Finally, by simply counting the number of spectroscopic redshifts available between $z\sim0.16$ and 0.18 in the Coma field, we find a number of redshifts equal to $\sim$ 15% of the total number of redshifts inside the Coma cluster itself, in good agreement with the percentages of very red objects previously found. These galaxies spectroscopically located at $z\sim0.17$ extend all across the field and are probably related to a distant filament on the line of sight that we will not study here.
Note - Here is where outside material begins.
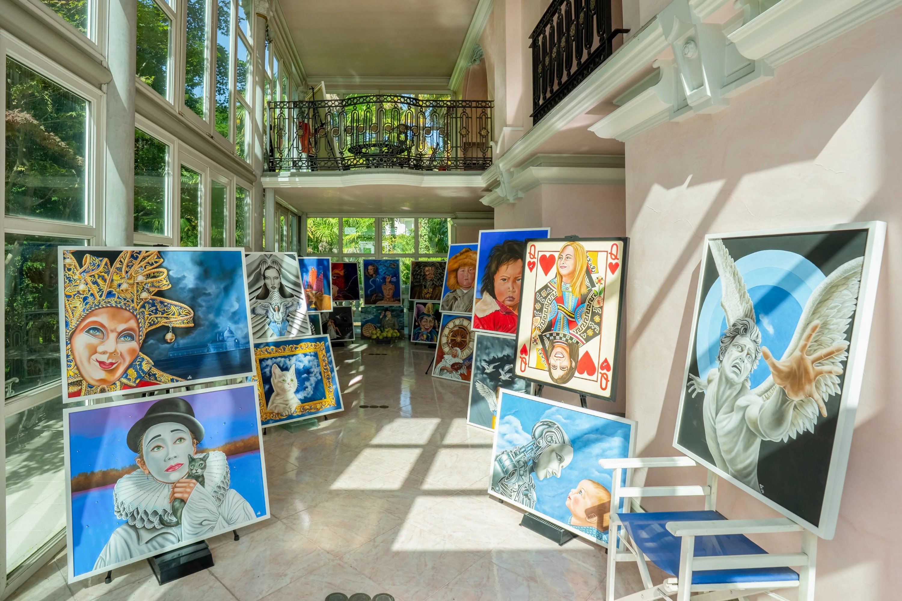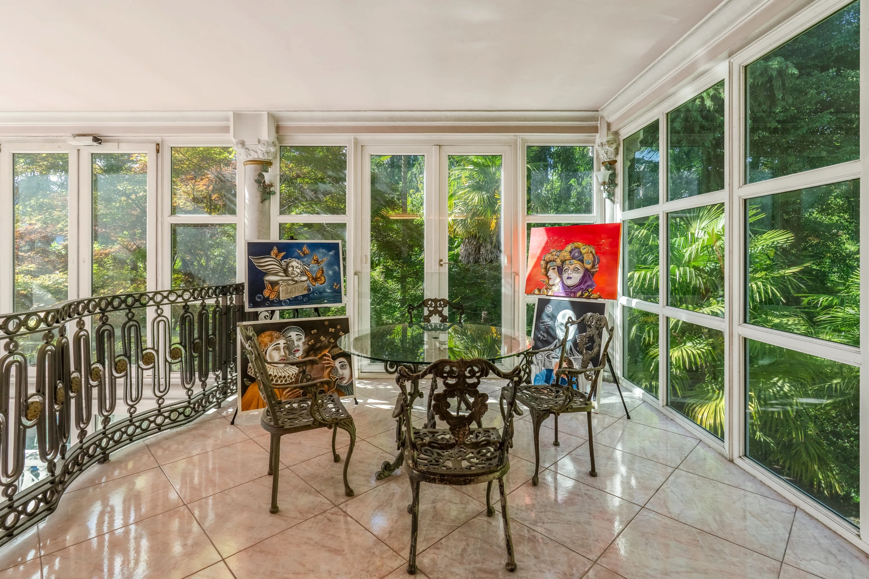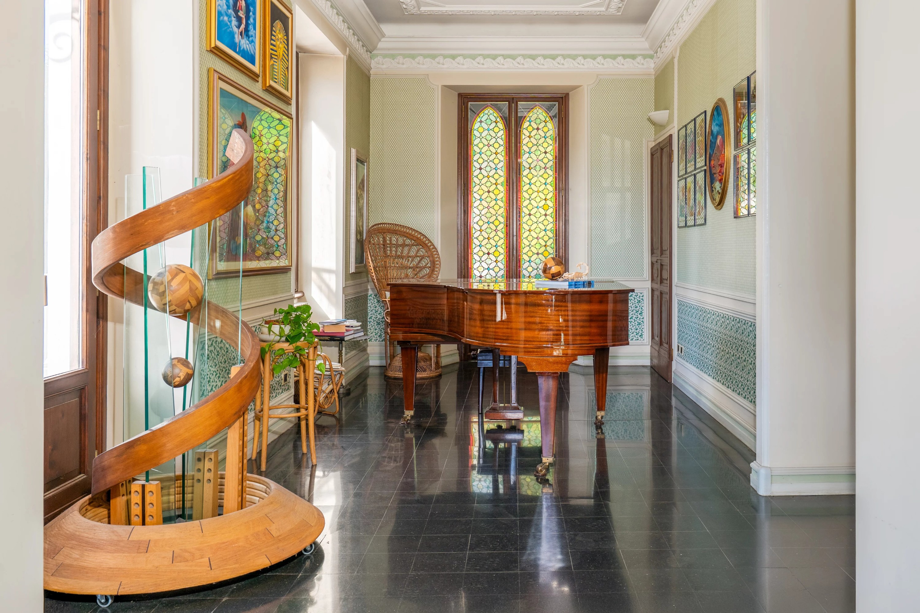 La demeure s’élève sur quatre niveaux, desservis par un ascenseur et un majestueux escalier baigné de lumière naturelle grâce à une vaste verrière.

This background structure is probably the same as the one at $\sim$ 49 000 km s^-1 quoted by Gutiérrez et al. (2004), with a velocity dispersion of 1000 km s^-1. In conclusion, the population of objects fainter than R=19.5 seen in excess in the Coma field compared to the empty fields is well explained by the contributions of objects inside the Coma cluster globally following the bright Coma cluster galaxy RS and of a population of very red objects at $z\sim0.17$ that we will not consider in the following.

8.5 Location of Coma cluster objects in the B - R/R relation relatively to the RS of bright galaxies

Looking at Coma cluster objects in more detail, in Fig. 17 we can also see that there are two populations close to but outside of the RS of bright galaxies: one is redder (distinct from the $z\sim0.17$ very red population previously quoted) and the other bluer, with distributions depending on the location in the field. We will refer to these two populations in the following as the red and blue galaxies. The south zone exhibits significant (see Fig. 18) red object concentrations at $R\sim22{-}23$ , while the north zone seems to show fewer red objects. We also have a significant blue population in the north. This blue concentration is also visible in the south regions, but is not always significant. We also note some regions in the south where empty fields galaxy populations dominate the Coma line of sight. This can be due to local overestimate of the background galaxy population, but is perhaps also due to merging/disruption events inside the Coma cluster, removing galaxies from the counts.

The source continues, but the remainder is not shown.